L'Explication Prémisse
L'article 967 dit simplement que chacun peut organiser la transmission de ses biens par testament et qu'il n'est pas obligé d'utiliser des mots précis : il peut désigner un « héritier » (institution d'héritier), faire des « legs » (donner des biens déterminés) ou employer toute autre formule qui montre clairement sa volonté. L'essentiel est que l'intention du testateur apparaisse ; la dénomination choisie n'empêche pas d'interpréter l'acte selon ce que la personne a réellement voulu. Bien sûr, cette liberté reste soumise aux règles formelles du testament et aux limites imposées par la loi (par exemple la réserve héréditaire).
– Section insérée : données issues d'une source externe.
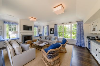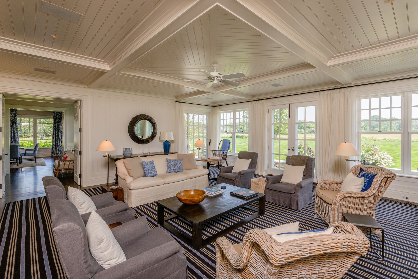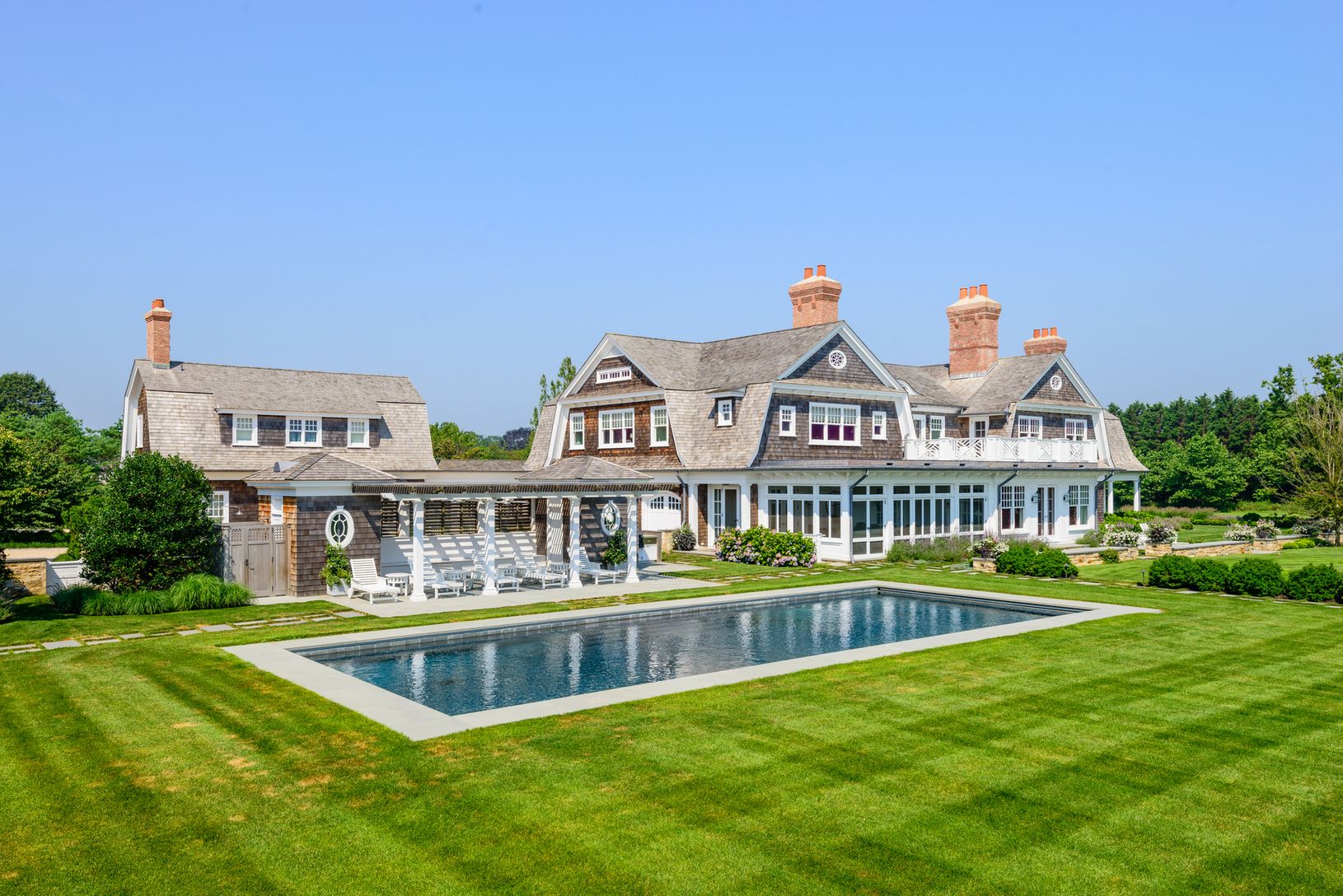 In the prestigious Further Lane Farm compound, premium construction 17,000 sq. ft. estate built in 2010 on gated 5.8 acres (includes 2.2 acre building lot plus exclusive use of 3.6 acre open-space reserve) with sweeping views over 41 acre of protected farm reserve minutes to ocean. Custom designed by architect John Murray with interiors by noted decorator Victoria Hagan. Large light-filled open rooms featuring big family room/kitchen, master s

Exemple : Louise écrit un testament où elle met « je veux que Marc reçoive tout ce que j'ai » sans dire explicitement « je le fais mon héritier ». Même si elle n'emploie pas le mot « héritier », les juges pourront considérer qu'elle a institué Marc héritier, car sa volonté de lui transmettre l'ensemble de ses biens est claire. À l'inverse, si elle écrit « je donne ma voiture à Marc », il s'agit d'un legs portant sur un bien précis, distinct de l'institution d'héritier.
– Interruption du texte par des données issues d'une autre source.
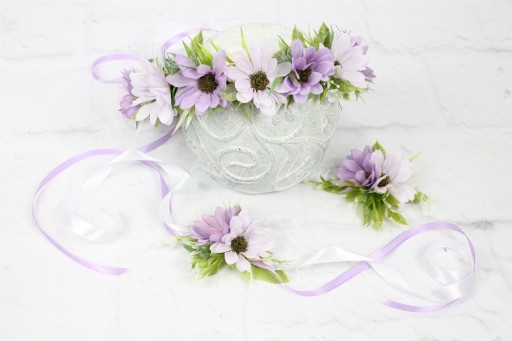 Wykonany z kwiatów rumianku w odcieniach fioletu, z dodatkiem stylowych dekoracyjnych traw, idealnie wpisujących się w obecne trendy.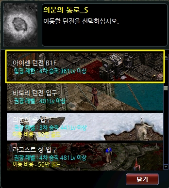 2. NPC 창에서 던전 이동 > 아이센 던전 B1F 메뉴를 클릭합니다.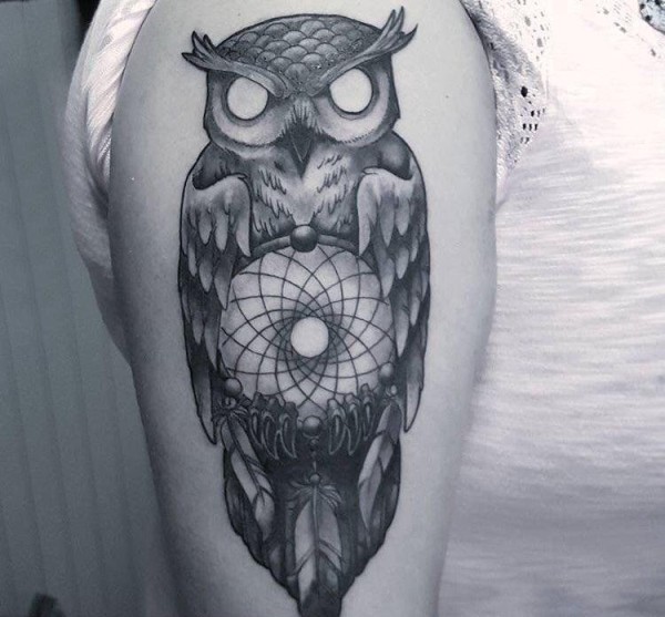 纹身猫头鹰 男生大臂上创意的猫头鹰纹身图片

- Toute personne peut disposer de ses biens par testament (capacité requise selon le droit commun).
- On peut instituer un héritier (transmission d'une part de la succession) ou faire des legs (biens déterminés ou sommes d'argent).
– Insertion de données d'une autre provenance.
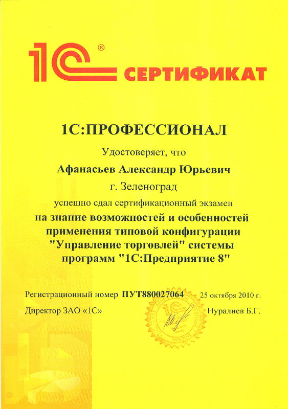 Афанасьев Александр успешно сдал сертификационный экзамен на знание возможностей и особенностей применения типовой конфигурации "Управление торговлей" системы программ "1С:Предприятие 8"

- La dénomination employée n'est pas décisive : ce qui compte, c'est la volonté manifeste du testateur.
- La substance prime sur la forme : une expression non technique peut valoir institution d'héritier si l'intention est claire.
- Le testament doit respecter les formalités légales (formules, signature, témoins ou forme authentique) pour être valable.
- La liberté testamentaire est encadrée : elle est limitée par des règles impératives (notamment la réserve héréditaire en faveur des héritiers réservataires).